● Recorded data

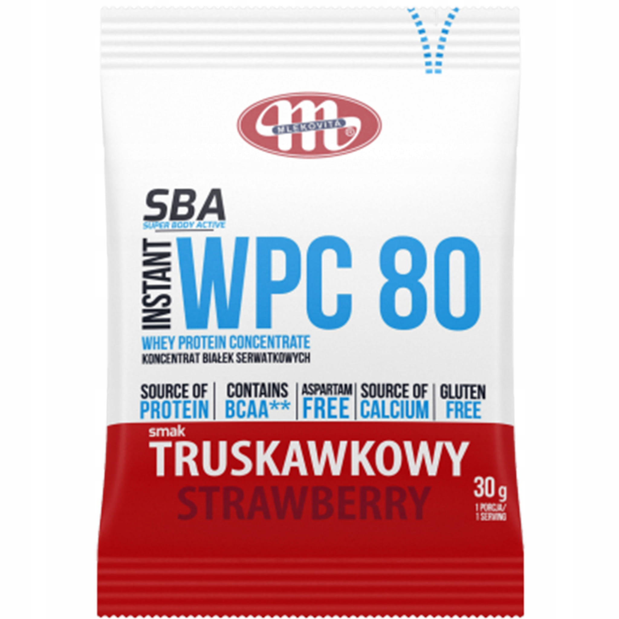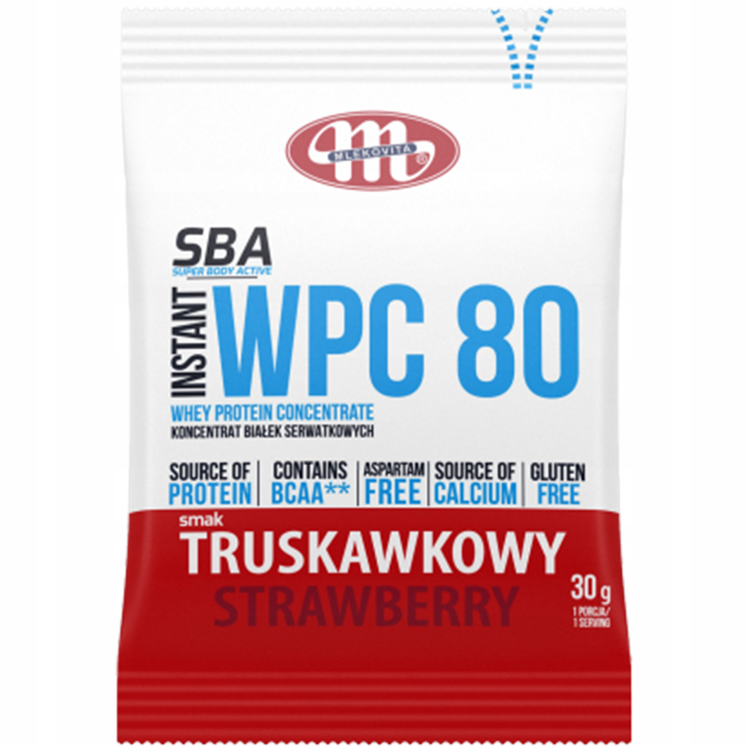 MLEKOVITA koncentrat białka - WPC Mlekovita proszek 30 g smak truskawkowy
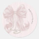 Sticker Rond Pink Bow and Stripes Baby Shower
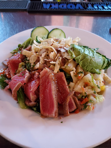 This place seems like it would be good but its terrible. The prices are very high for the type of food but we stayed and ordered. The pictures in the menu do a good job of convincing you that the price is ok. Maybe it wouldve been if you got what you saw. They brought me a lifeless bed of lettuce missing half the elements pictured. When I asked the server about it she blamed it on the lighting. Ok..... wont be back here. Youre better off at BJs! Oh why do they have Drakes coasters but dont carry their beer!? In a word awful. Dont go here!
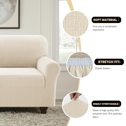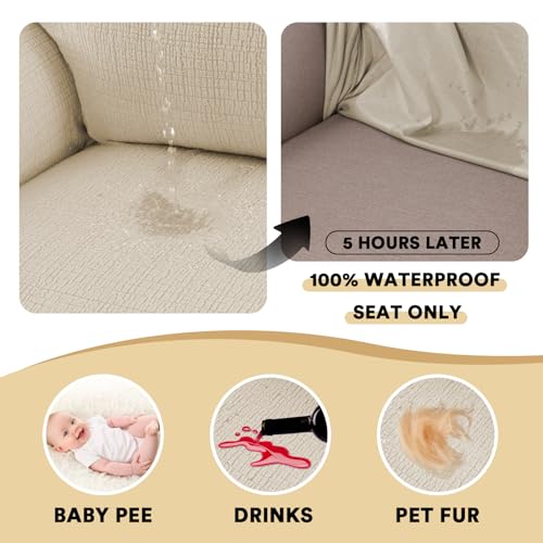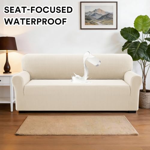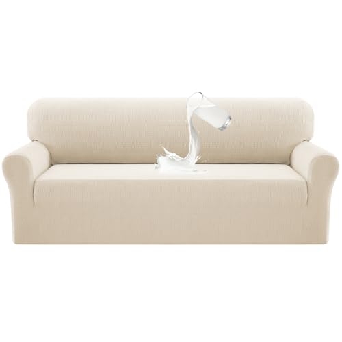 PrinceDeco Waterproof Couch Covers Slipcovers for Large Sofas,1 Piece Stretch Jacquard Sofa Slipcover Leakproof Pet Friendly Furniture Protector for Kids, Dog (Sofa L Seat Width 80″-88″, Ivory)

● Task requirements
Repeat, word for word and with no pictures, only the lines running from the beginning of the data to the line that contains "Sticker Rond Pink".

● Solution to the exercise
 MLEKOVITA koncentrat białka - WPC Mlekovita proszek 30 g smak truskawkowy
 Sticker Rond Pink Bow and Stripes Baby Shower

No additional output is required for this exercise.